The molecular analyses of GTPase domain formation are broadly consistent with the earlier theoretical work on Turing systems. For example, GTP-Cdc42 in yeast can be considered a Turing-type activator: it diffuses very slowly in the yeast plasma membrane and it promotes local accumulation (“synthesis”) of more GTP-Cdc42 [1]. The GEF-effector complex has characteristics of a Turing-type substrate: it diffuses rapidly in the cytoplasm, from which it is depleted (“consumed”) due to recruitment to the growing GTP-Cdc42 cluster. However, recent studies indicate that the rules for GTPase domain formation may be more complex than predicted by Turing models. In this review, we highlight recent findings that seek to explain how cells decide how many GTPase domains will form in specific situations.

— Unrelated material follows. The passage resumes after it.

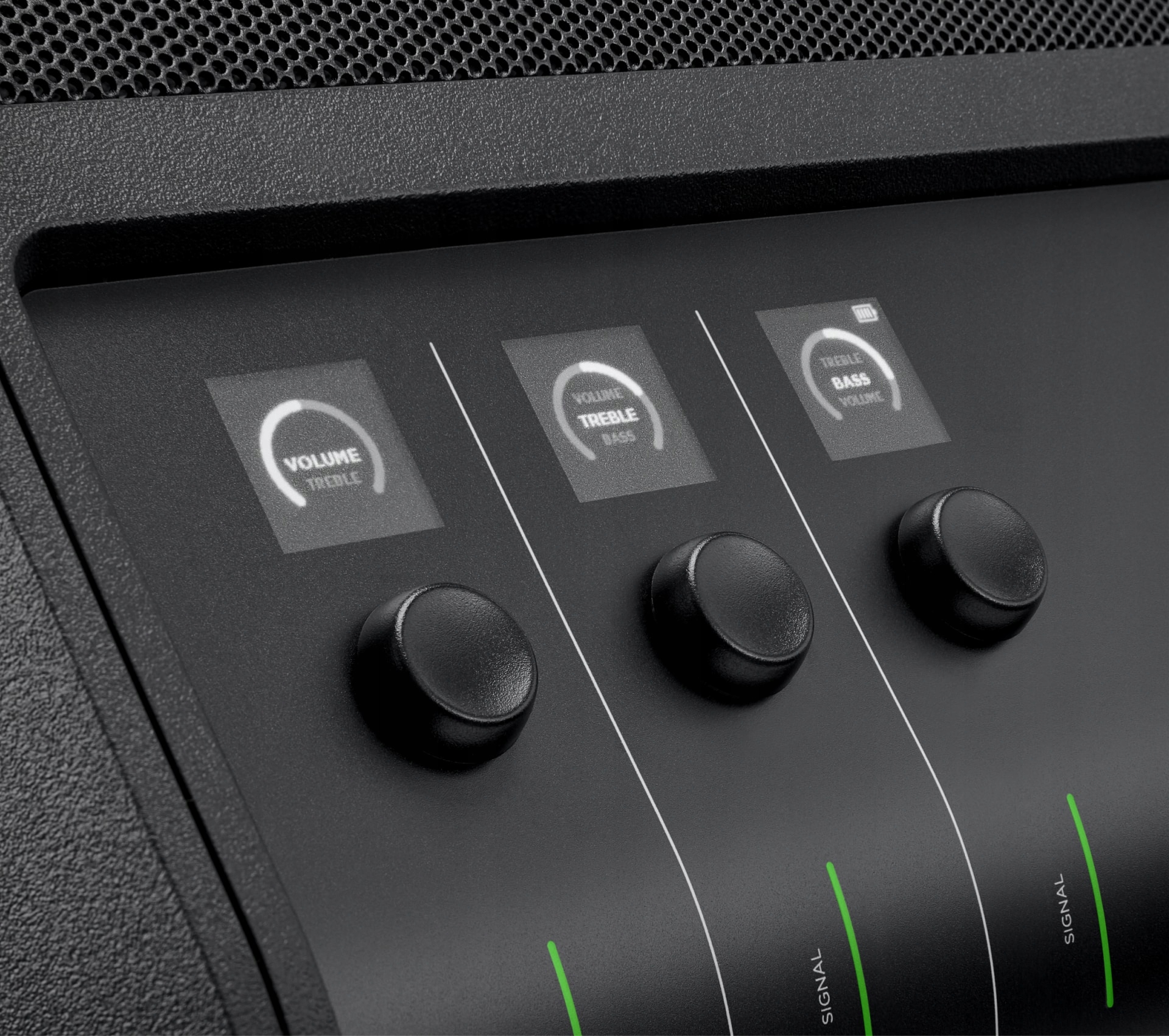 Переключайте громкость, высокие и низкие частоты для каждого канала и получайте доступ к настройкам ToneMatch и реверберации для каналов 1 и 2. Меняйте настройки и автоматически поворачивайте OLED-дисплеи.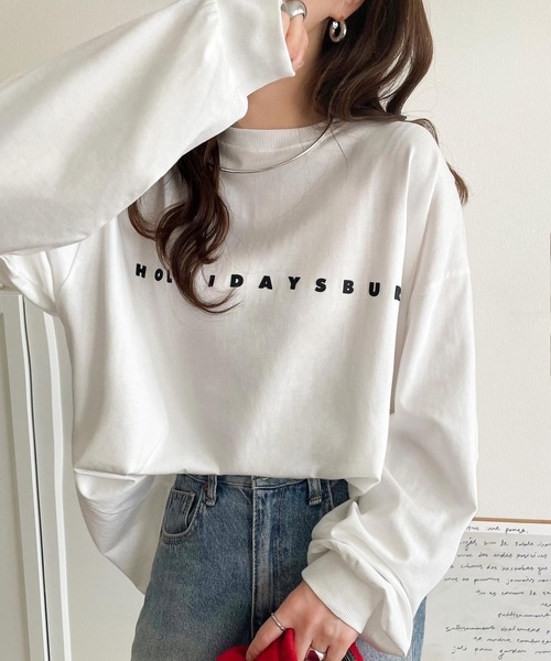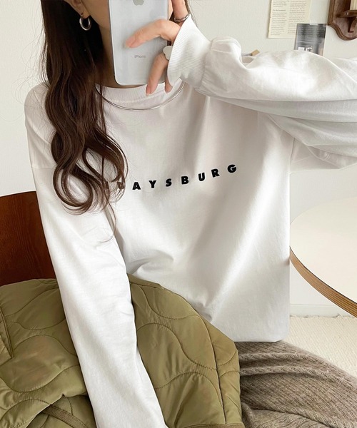 キーワード:tシャツ レディース クルーネック プリント ワンポイント 長袖 無地 WEB限定 ストリート ドライブ ピクニック レジャー ベーシック 秋 大人カジュアル 定番

Making one and only one front: winner-takes-all competition

In principle, positive feedback could lead to the simultaneous growth of several GTPase domains. However, when most cells (including yeasts) polarize, they generate only one front. Why is only one polarity domain established? The number of domains generated by Turing models depends on the size of the cell: small cells generate only one domain (if the cell is smaller than the characteristic spacing between domains), while larger cells generate more [14]. However, other computational models predict that there will be a “winner-takes-all” competition between GTPase clusters no matter how large the cell [16, 17]. A key feature of such models is that larger clusters have a competitive advantage in recruiting and retaining cytoplasmic polarity factors (like the GEF-effector complexes in yeast), so that the largest cluster wins. Imaging polarity establishment at high resolution in S. cerevisiae revealed that many cells did initially grow more than one small cluster of Cdc42 [18]. Subsequently, however, one cluster grew while the others shrank, leaving a single large domain just 2 minutes later (Fig. 1A). This behavior strongly suggests that the clusters compete with each other. Moreover, experimental manipulations intended to increase the abundance of GEF-effector complexes yielded slower competition between Cdc42 clusters in yeast [18, 19]. The direct observation of multi-cluster intermediates supports the models in which cluster competition assures that cells make only one front.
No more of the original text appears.